TASK STATEMENT >> Transcribe exactly the lines that fall between the one holding "Cette location d'appartement" and the one holding "Será no próximo", inclusive, from the entries below.

RECORDS FOR PROCESSING >>
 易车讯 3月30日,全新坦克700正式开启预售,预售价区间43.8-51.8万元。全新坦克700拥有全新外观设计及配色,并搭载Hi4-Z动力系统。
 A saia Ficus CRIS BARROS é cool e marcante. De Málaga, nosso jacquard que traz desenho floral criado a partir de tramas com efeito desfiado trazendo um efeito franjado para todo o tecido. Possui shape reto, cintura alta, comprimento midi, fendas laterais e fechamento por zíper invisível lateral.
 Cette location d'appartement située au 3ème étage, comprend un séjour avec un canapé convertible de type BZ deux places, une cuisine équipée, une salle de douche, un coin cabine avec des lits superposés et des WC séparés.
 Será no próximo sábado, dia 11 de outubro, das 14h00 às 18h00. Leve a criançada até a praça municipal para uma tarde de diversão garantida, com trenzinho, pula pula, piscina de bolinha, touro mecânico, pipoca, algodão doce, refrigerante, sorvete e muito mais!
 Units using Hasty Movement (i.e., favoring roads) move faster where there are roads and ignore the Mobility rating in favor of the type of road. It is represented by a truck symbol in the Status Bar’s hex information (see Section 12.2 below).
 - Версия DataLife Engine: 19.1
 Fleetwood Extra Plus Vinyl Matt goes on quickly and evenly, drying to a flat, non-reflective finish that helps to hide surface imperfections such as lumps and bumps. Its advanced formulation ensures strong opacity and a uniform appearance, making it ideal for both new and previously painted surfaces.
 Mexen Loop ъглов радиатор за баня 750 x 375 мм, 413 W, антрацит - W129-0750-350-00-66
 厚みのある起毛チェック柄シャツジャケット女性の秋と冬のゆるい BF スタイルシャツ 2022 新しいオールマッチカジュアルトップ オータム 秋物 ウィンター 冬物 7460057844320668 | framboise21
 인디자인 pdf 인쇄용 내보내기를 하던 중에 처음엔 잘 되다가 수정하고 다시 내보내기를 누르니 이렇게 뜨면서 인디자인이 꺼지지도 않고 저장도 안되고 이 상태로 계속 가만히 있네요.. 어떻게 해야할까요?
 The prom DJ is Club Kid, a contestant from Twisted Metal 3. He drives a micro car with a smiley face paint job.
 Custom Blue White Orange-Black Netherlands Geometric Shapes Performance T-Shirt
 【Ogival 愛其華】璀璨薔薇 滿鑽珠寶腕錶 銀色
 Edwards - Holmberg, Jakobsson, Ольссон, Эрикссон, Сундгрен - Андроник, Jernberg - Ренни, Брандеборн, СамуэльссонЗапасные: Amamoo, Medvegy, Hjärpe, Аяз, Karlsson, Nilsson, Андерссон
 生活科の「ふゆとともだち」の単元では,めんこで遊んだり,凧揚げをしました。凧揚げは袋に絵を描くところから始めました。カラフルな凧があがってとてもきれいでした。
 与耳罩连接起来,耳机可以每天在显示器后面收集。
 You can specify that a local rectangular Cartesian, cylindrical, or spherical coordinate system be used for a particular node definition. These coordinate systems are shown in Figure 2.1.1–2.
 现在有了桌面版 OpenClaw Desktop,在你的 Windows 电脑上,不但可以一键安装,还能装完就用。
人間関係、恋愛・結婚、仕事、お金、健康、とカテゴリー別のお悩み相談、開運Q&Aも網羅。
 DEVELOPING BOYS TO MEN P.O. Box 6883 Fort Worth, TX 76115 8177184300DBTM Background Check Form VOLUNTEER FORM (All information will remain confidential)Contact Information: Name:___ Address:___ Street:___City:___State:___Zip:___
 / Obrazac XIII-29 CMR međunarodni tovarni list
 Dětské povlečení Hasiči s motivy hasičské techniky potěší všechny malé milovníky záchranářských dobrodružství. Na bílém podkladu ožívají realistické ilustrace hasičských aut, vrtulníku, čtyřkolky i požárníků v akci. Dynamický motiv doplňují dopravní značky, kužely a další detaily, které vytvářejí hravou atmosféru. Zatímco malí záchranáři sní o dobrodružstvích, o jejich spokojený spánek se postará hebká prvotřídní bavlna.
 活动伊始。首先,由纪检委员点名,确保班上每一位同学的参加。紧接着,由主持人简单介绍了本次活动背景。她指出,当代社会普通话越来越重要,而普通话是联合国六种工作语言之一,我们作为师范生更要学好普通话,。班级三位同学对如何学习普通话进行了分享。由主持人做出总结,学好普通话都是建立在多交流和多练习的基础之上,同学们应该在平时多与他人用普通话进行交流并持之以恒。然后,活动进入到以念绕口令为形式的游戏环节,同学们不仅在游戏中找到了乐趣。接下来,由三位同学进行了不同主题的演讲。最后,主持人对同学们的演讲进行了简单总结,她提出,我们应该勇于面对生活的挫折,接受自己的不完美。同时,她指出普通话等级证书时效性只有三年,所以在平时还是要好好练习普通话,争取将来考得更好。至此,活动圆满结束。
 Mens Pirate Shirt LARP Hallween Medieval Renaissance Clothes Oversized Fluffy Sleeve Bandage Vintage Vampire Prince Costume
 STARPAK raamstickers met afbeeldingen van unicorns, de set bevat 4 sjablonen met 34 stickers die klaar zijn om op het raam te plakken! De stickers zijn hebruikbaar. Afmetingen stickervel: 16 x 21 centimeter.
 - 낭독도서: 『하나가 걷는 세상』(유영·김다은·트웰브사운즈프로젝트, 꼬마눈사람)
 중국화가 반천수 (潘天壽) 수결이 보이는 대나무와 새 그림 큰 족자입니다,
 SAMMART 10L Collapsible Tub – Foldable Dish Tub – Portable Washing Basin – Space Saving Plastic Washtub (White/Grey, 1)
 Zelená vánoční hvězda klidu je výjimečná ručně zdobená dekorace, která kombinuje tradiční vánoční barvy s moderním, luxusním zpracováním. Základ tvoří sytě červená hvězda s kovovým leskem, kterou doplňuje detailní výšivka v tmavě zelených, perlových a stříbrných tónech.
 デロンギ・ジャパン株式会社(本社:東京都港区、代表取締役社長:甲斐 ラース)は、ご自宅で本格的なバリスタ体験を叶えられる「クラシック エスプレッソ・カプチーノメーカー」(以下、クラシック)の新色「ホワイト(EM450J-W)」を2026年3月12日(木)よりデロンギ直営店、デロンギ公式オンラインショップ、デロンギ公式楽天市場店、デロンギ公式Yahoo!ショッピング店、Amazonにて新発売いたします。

OUTPUT FOR THIS EXERCISE >>
 Cette location d'appartement située au 3ème étage, comprend un séjour avec un canapé convertible de type BZ deux places, une cuisine équipée, une salle de douche, un coin cabine avec des lits superposés et des WC séparés.
 Será no próximo sábado, dia 11 de outubro, das 14h00 às 18h00. Leve a criançada até a praça municipal para uma tarde de diversão garantida, com trenzinho, pula pula, piscina de bolinha, touro mecânico, pipoca, algodão doce, refrigerante, sorvete e muito mais!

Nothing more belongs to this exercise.